Nowadays, visual servoing is a widely used technique is robot control. It consists in using data provided by a vision sensor for controlling the motions of a robot [43] . Various sensors can be considered such as perspective cameras, omnidirectional cameras, 2D ultrasound probes or even virtual cameras. In fact, this technique is historically embedded in the larger domain of sensor-based control [51] so that other sensors than vision sensors can be properly used. On the other hand, this approach was first dedicated to robot arms control. Today, much more complex system can be considered like humanoid robots, cars, submarines, airships, helicopters, aircrafts. Therefore, visual servoing is now seen as a powerful approach to control the state of dynamic systems.
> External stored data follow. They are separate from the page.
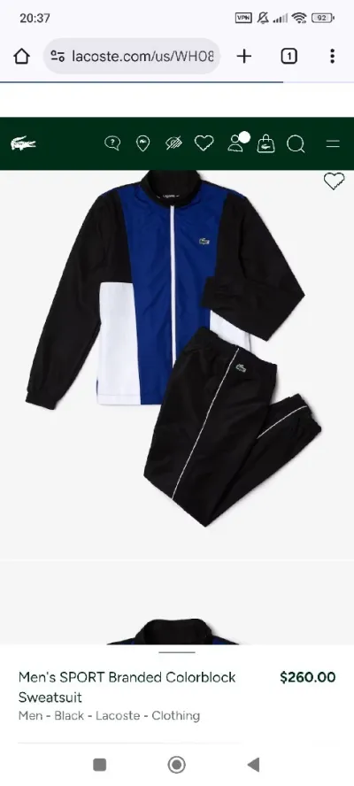 J'ai 3 pièce d'ensembles survêtement Lacoste original avec matricule made in Tunisia taille 9-4xl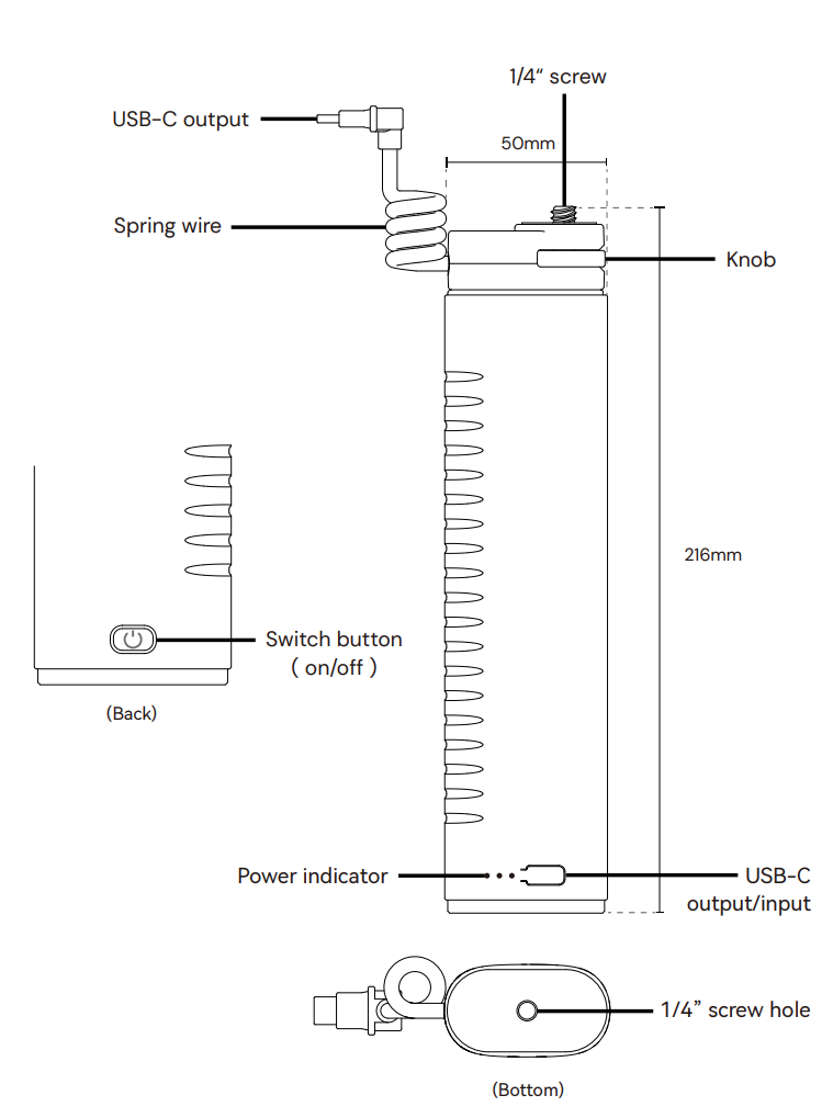 Charging port automatically detects device insertion and activates charging without the need to press a button.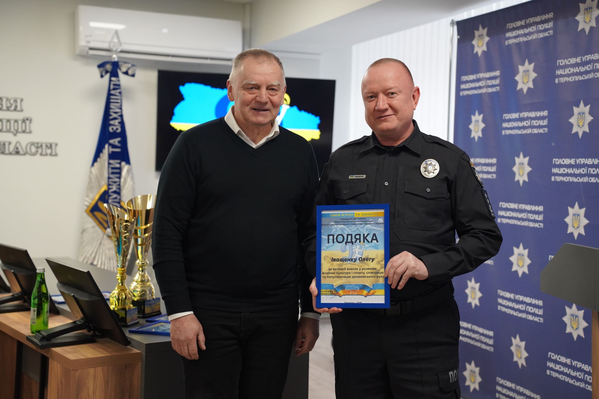 Окрім командного трофея, очільник тернопільської поліції охорони отримав персональну подяку за: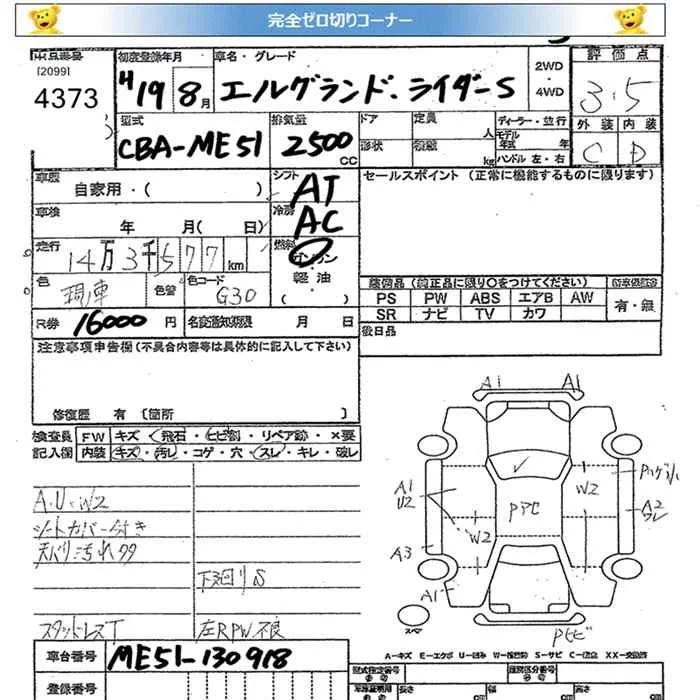 Nissan ELGRAND с аукциона Японии JU Miyagi лот № 4373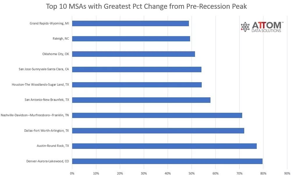 Here’s an ATTOM graphic that shows the ten MSAs with a population greater than one million that have seen the largest median percentage price rises since before the recession, with Denver leading the pack.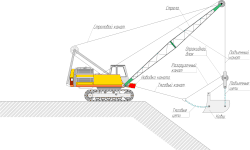 Подъёмным канатом осуществляется вертикальное перемещение (подъём ковша). Тяговым канатом осуществляется подтягивания ковша к машине. При этом происходит подрезка грунта и наполнение ковша.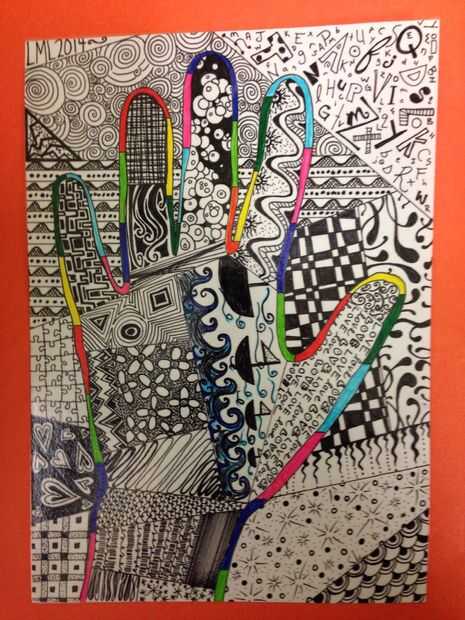 Para lograr un nivel 4, ir más allá, rellenando el fondo con Zentangles. Asegúrese de que su silueta se define aún con una frontera negrita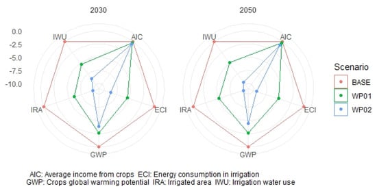 Radar charts allowed the simultaneous analysis of synergies and the trade-offs between different indicators among the scenarios. Figure 8 shows the radar charts of the model results for years 2030 and 2050. The analysis consisted of evaluating the standardized variation of the indicators with respect to the baseline. Looking at the temporal aspect, greater long-term (2050) variations compared to medium-term (2030) variations could be seen. For the synergy analysis, for the average income from crops, a water price increase in both the WP01 and WP02 scenarios causes a decrease of 0.7% and 2.2%, respectively, over the baseline by 2050. Irrigation water use decreased by 13.9% and 26.7%, energy consumption in irrigation decreased by 14.3% and 26.9%, and the irrigated area decreased by 14.4% and 28.2% in the WP1 and WP2 scenarios, respectively, by 2050. Decreases in crop GWP were also observed; WP1 decreased by 7.3%, and WP02 decreased by 12.5% over the baseline by 2050. In addition to the radar chart results, irrigation water productivity increased by 11.7% for WP1 and 23.9% for WP2 over the baseline by 2050.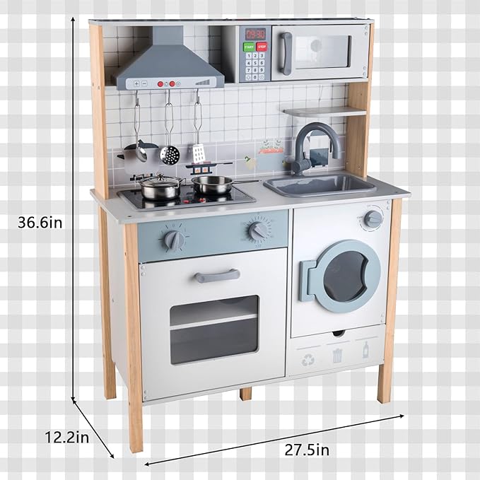 - Wooden Play Kitchen: Made of eco-friendly, solid wood, BPA-free. This space-friendly toy kitchen is 37in high and 27.5 in length after being assembled. Great for a cute nursery, let kids put the chef hat on and cook a meal for their guests.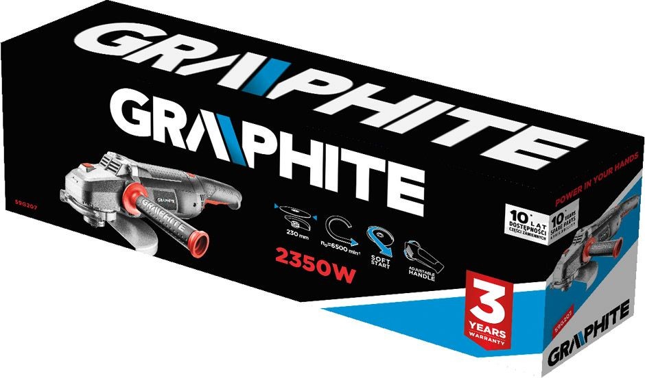 | Beschreibung: Hochwertiger Winkelschleifer GRAPHITE (Art.-Nr. 59G207) mit einem leistungsstarken 2350-W-Motor, geeignet zum Schneiden, Schleifen und Polieren von Materialien unterschiedlicher Struktur und Härte. Schleifscheibe mit einem Durchmesser von 230 mm. Dank ihrer ergonomischen Form und der präzisen Auswuchtung gewährleistet die Maschine hohen Arbeitskomfort. Der Hauptgriff mit rutschfester Auflage und der Zusatzgriff mit dreistufiger Befestigung sorgen für komfortables Arbeiten für Rechts- und Linkshänder. Aus Sicherheitsgründen ist der Schleifer mit einem Zweistufenschalter ausgestattet, der ein versehentliches Einschalten verhindert, sowie mit einem Spindelarretierungsknopf, der nicht aus dem Gehäuse herausragt. Die geeignete Anordnung der Lüftungsöffnungen schützt vor einer Überhitzung des Motors. Das Getriebegehäuse aus einer Aluminiumlegierung leitet die Wärme hervorragend ab und verstärkt zudem die Konstruktion. Die maximale Drehzahl des Schleifkopfes beträgt 6500 Umdrehungen pro Minute. Die Bürsten können von außen selbstständig ausgetauscht werden. Das Gerät ist mit einem flexiblen und robusten, 3 m langen Netzkabel mit Gummimantel ausgestattet, das auch für professionelle und industrielle Anwendungen im Innen- und Außenbereich geeignet ist. Die Konformität mit den europäischen Normen wird durch das CE-Zertifikat gewährleistet. |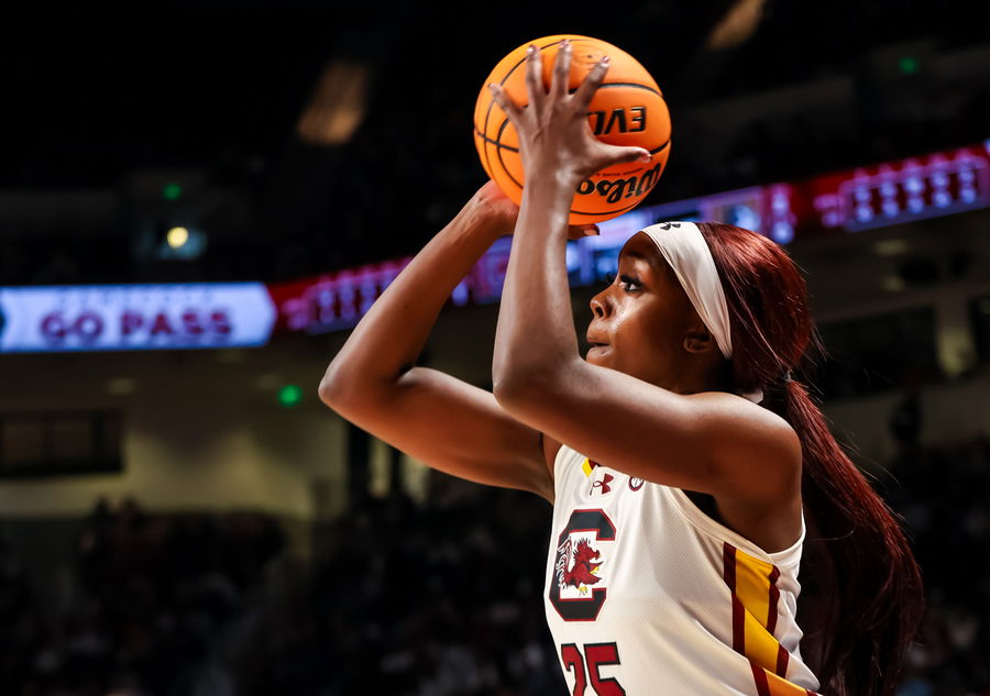 Dec 29, 2024; Columbia, South Carolina, USA; South Carolina Gamecocks guard Raven Johnson (25) attempts a three point basket against the Wofford Terriers in the second half at Colonial Life Arena. Mandatory Credit: Jeff Blake-Imagn Images
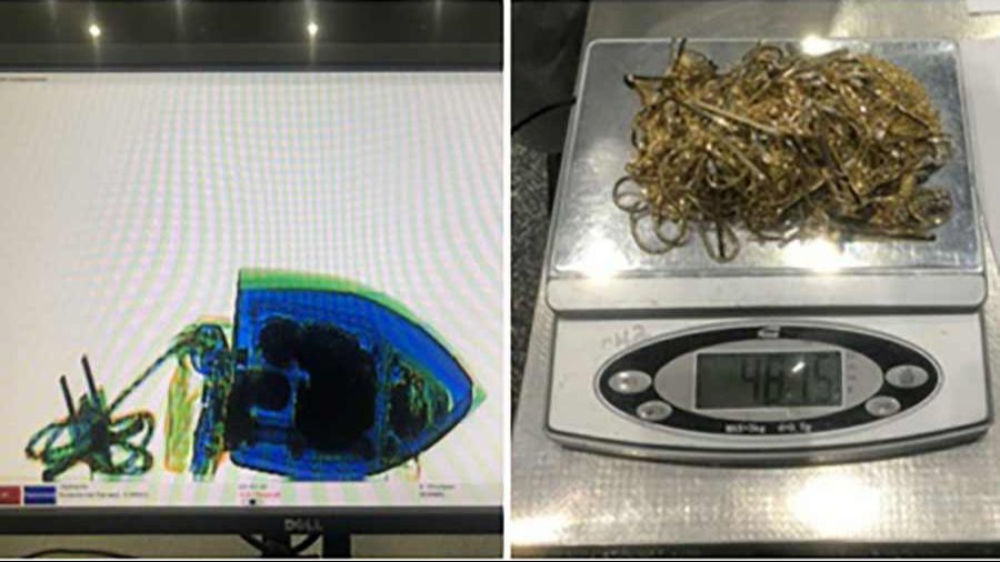 В результате проведенного таможенного контроля с использованием современного сканирующего оборудования выяснилось, что внутри обычного на первый взгляд утюга, который был спрятан среди личных вещей, были спрятаны ювелирные украшения, изготовленные из золота общим весом 481,5 гр. По предварительным подсчетам общая стоимость украшений составила 168 миллионов сумов.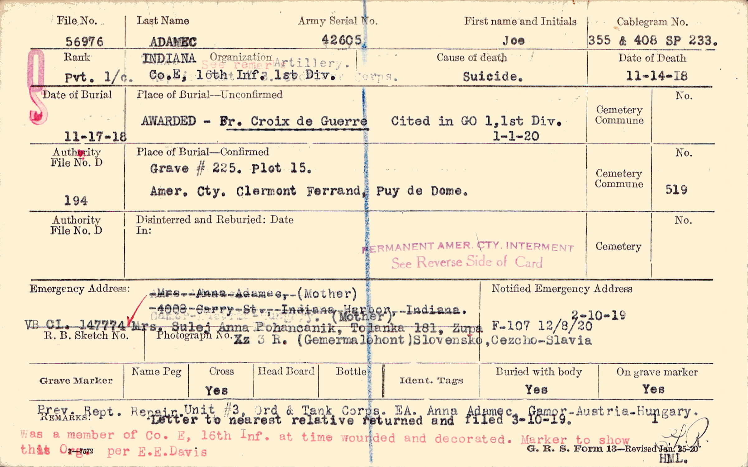 Prev. Rept. Repair. Unit #3, Ord & Tank Corps. EA. Anna Adamec, Gamor-Austria-Hungary. Letter to nearest relative returned and filed 3-10-19. Was a member of Co. E, 16th Inf. at time wounded and decorated. Marker to show this Org. per E.E. Davis

Classically, to achieve a visual servoing task, a set of visual features $\mathbf{s}$ has to be selected from visual measurements $\mathbf{m}$ extracted from the image. A control law is then designed so that these visual features reach a desired value ${\mathbf{s}}^{*}$ related to the desired state of the system. The control principle is thus to regulate to zero the error vector $\mathbf{e}=\mathbf{s}-{\mathbf{s}}^{*}$. To build the control law, the knowledge of the so-called *interaction matrix* ${\mathbf{L}}_{\mathbf{s}}$ is usually required. This matrix links the time variation of $\mathbf{s}$ to the camera instantaneous velocity $\mathbf{v}$

$\dot{\mathbf{s}}={\mathbf{L}}_{\mathbf{s}}\phantom{\rule{0.166667em}{0ex}}\mathbf{v}+\frac{\partial \mathbf{s}}{\partial t}$ | (1) |

where the term $\frac{\partial \mathbf{s}}{\partial t}$ describes the non-stationary behavior of $\mathbf{s}$. Typically, if we try to ensure an exponential decoupled decrease of the error signal and if we consider the camera velocity as the input of the robot controller, the control law writes as follow

$\mathbf{v}=-\lambda {\widehat{{\mathbf{L}}_{\mathbf{s}}}}^{+}\mathbf{e}-{\widehat{{\mathbf{L}}_{\mathbf{s}}}}^{+}\widehat{\frac{\partial \mathbf{e}}{\partial t}}$ | (2) |

with $\lambda $ a proportional gain that has to be tuned to minimize the time-to-convergence, ${\widehat{{\mathbf{L}}_{\mathbf{s}}}}^{+}$ the pseudo-inverse of a model or an approximation of ${\mathbf{L}}_{\mathbf{s}}$ and $\widehat{\frac{\partial \mathbf{e}}{\partial t}}$ an estimation of $\frac{\partial \mathbf{e}}{\partial t}$.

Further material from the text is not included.